At schools like Sherman Institute, students were expected to change their names, cut their hair, speak only English, and become practicing Christians, among other requirements. While Trafzer admits the boarding school system provided long-term opportunities for a small subset of students, deep-rooted trauma and the loss of key cultural traditions – including languages, songs, and stories – are still felt by many Native Americans across North America.

“For the reformers, the boarding school system was a positive thing, but in recent years I started to use the term ‘cultural genocide’ to describe it,” he said. “One of the definitions of genocide is separating children from their parents and their people to change them.
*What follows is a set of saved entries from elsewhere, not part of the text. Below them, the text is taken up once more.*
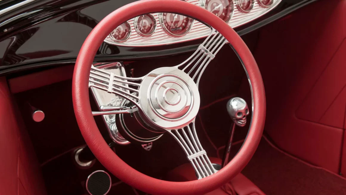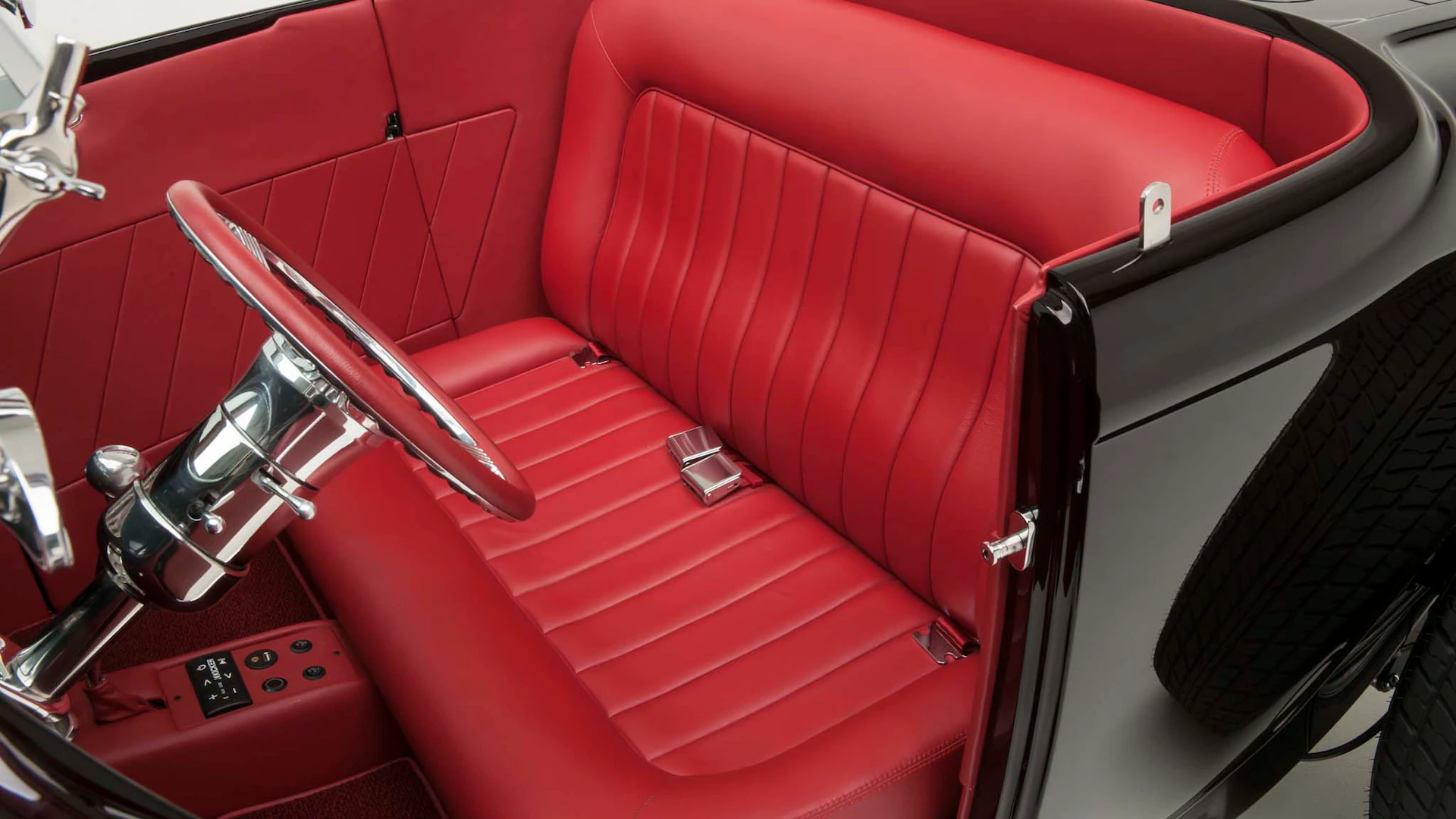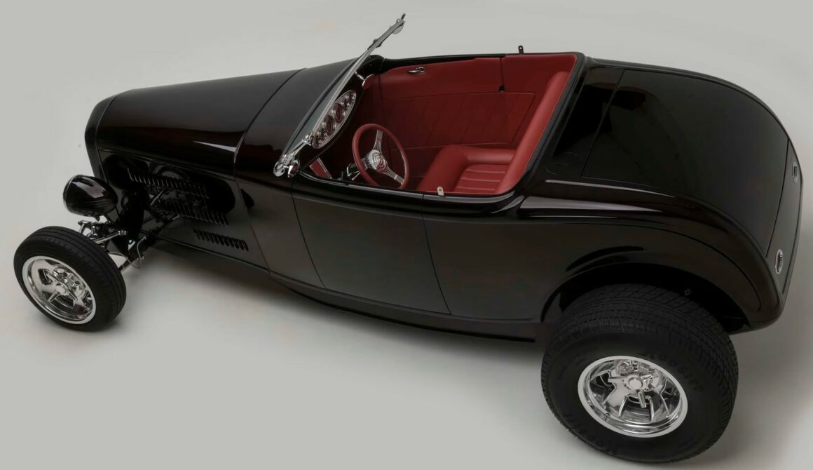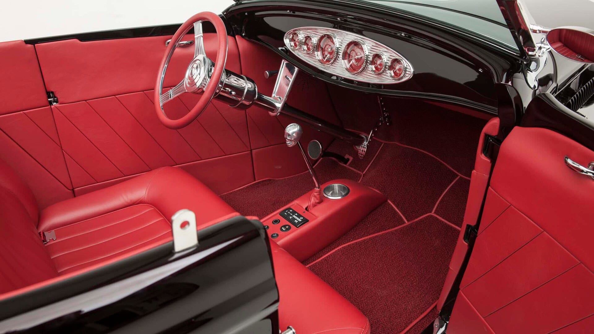 Ils ont recouvert les panneaux intérieurs du cockpit, le banc roadster à profil bas Glide Engineering et le coffre, en cuir rouge Le volant banjo Billet Specialties est recouvert de cuir assorti. La console au sol personnalisée Ron Mangus abrite le levier de vitesses Lokar à pommeau “crânien”, un port USB, un allumage et des commandes pour la position du siège et pour le système audio Kicker. Dans le tableau de bord, les compteurs Classic Instruments sont montés dans un insert… Voilà la vraie histoire… Leonti a donc officiellement passé 3 ans et demi de week-ends à construire son Hot Roadster. La réalité est que tout a été réalisé par des pros… Le coût total de ce Hot Rod aurait été d’environ 1.300.000 $ s’il avait du être payé en dollars par Leonti…
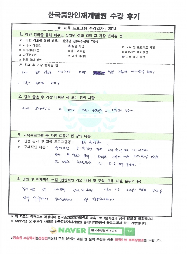 기업연수생들이 정성스럽게 손으로 작성한 진솔한 후기입니다.
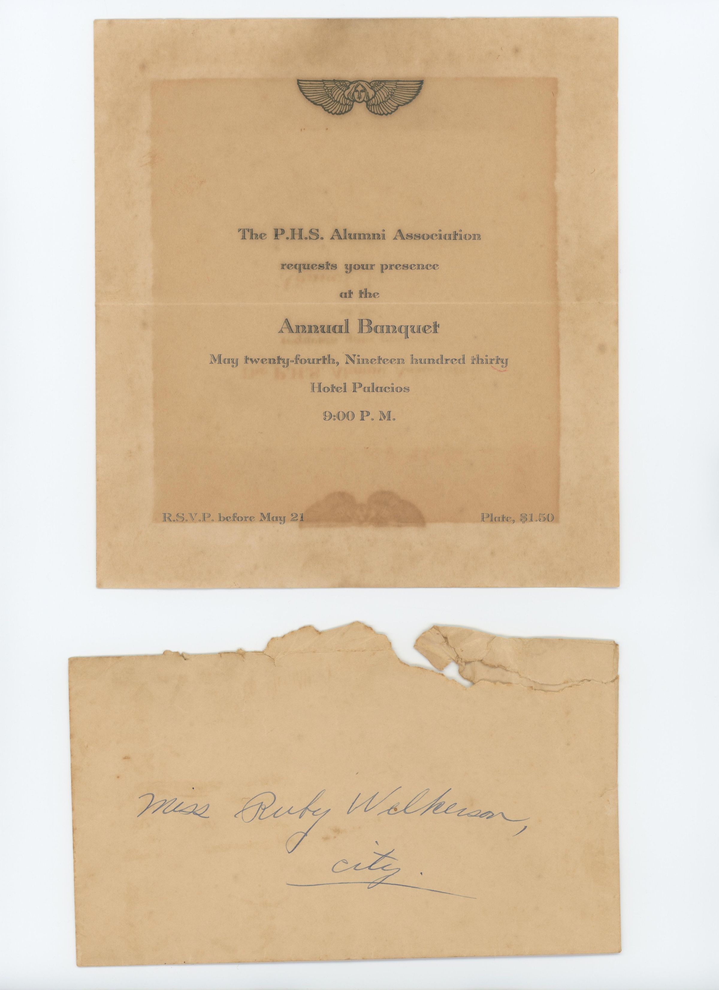 An invitation to the PHS Alumni Banquet for Ruby Wilkerson.
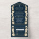 Navy Elegant Arch Art Nouveau Wedding All In One Invitation
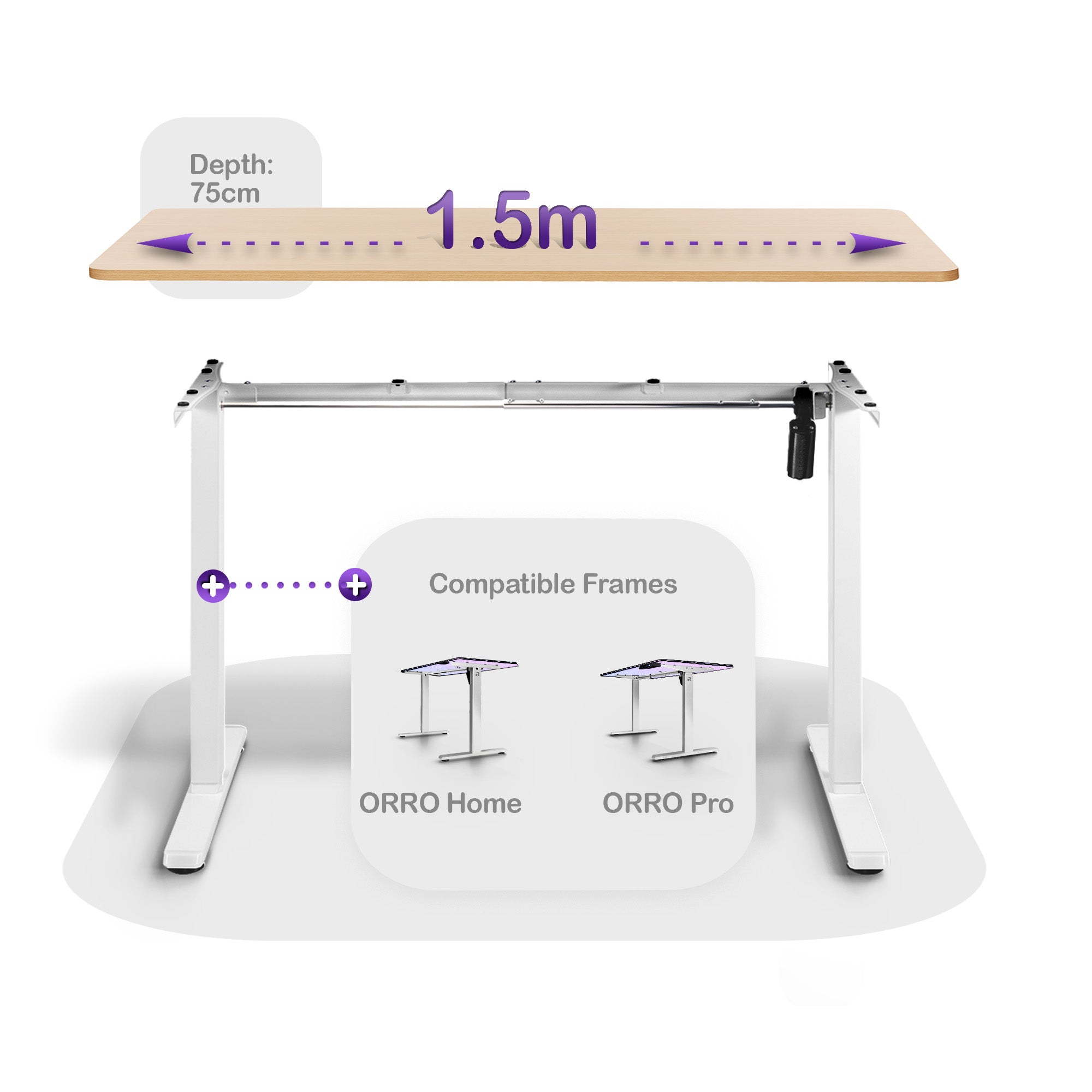 - 1.5m - Ideal for larger workspaces needing extra room (Compatible with ORRO Home and ORRO Pro Standing Desk Frames)
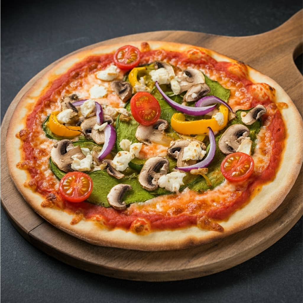 Tomato sauce, fresh goat cheese, seasonal vegetables, mushroom
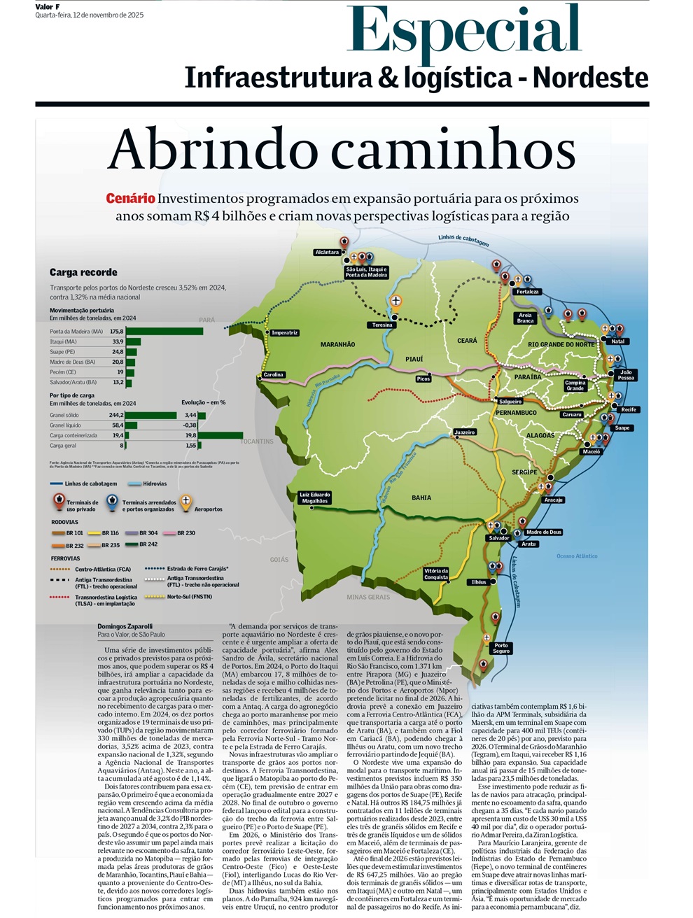 Matéria completa em: https://valor.globo.com/publicacoes/especiais/infraestrutura-logistica-nordeste/noticia/2025/11/12/investimentos-em-portos-criam-novas-perspectivas-logisticas-para-o-nordeste.ghtml.
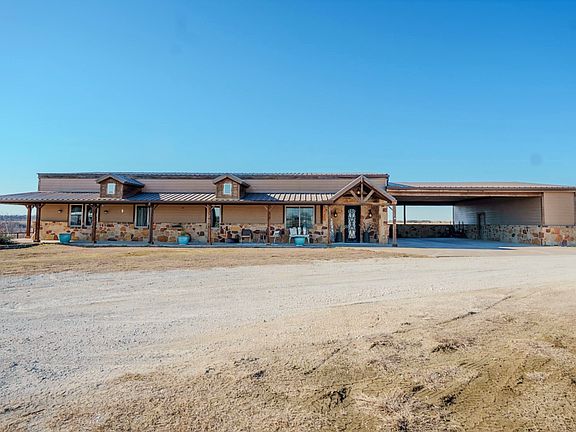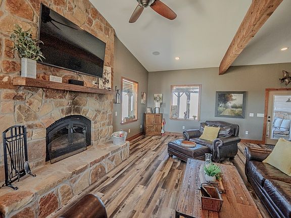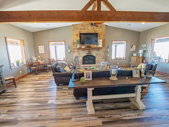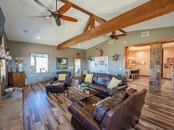 Welcome to 30 acres offering privacy, functionality, and peaceful country living that’s hard to find. A long private driveway creates a quiet retreat tucked away from the main road. This 3-bedroom, 3-bath home is thoughtfully designed for both everyday comfort and entertaining. The spacious family room is anchored by a dramatic floor-to-ceiling fireplace, creating warmth and ambiance throughout the home. Natural light fills the living spaces, enhancing the open and inviting feel with the oversize windows. The kitchen is a true centerpiece, featuring cabinetry that extends to the ceiling, beautiful granite countertops, a gas range with double ovens, and abundant prep and storage space. Just off the kitchen, a dedicated coffee bar and second refrigerator area add extra convenience and make entertaining effortless. The spacious dining room, makes it perfect for holidays and family celebrations. The oversized primary suite is a private retreat with its own sitting area and a secluded in-suite office. The ensuite bath offers separate vanities, an expansive double shower, and spacious walk-in closets designed for organization and comfort. The second bedroom also includes a private ensuite bath, walk-in closet, and an additional flex space that can serve as a nursery, reading nook, playroom, or secondary office. The large utility room is equipped with built-in storage, and counter space, making daily tasks more efficient and organized. Outdoors, the property truly shines. A 40x60 enclosed metal shop provides exceptional workspace or storage, complemented by a 40x30 covered carport and a separate 40x30 area with horse stalls, making this property ideal for equestrian use, or hobbies. The wraparound porch and outdoor cooking area create the perfect setting to unwind, entertain, and take in breathtaking sunsets and you will appreciate frequent sightings of deer and other native game on the property. Schedule your private showing and experience it for yourself.
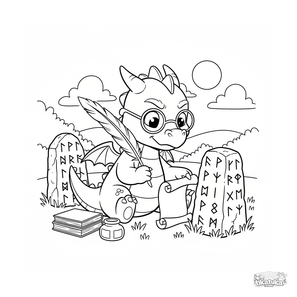 Coloring page for tweens 7-9: a young scholarly dragon with spectacles diligently copies ancient runes from a monolith onto a scroll. A scene with a historical mood.

The boarding school system might have been well meaning, but can you imagine the heartache of having your children taken away, or of being separated from your family as a child?”

The advent of the American Indian movement of the late 1960s led to the end of Sherman Institute in 1970, when the Office of Indian Education renamed the property Sherman Indian High School and made attendance voluntary.

“Sherman Indian High School remains a significant resource for members of the Native American communities of the United States,” Trafzer wrote, adding the school is one of the few off-reservation American Indian boarding schools still in operation.

Additional books by Trafzer include “A Chemehuevi Song,” “Comanche Medicine Man: Kenneth Coosewoon’s Great Vision, Blue Medicine & Sweat Lodge Healings,” “The Snake River-Palouse and the Invasion of the Inland Northwest,” and “Death Stalks the Yakama: Epidemiological Transitions and Death on the Yakama Indian Reservation, 1888-1964.” He also edited “American Indian Medicine Ways” and co-edited “The Indian School on Magnolia Avenue: Voices and Images from Sherman Institute.”

Additional photos are available upon request.

Sherman Institute students

Sherman’s assimilation program emphasized the adoption of Christianity through holiday events like this Nativity presentation.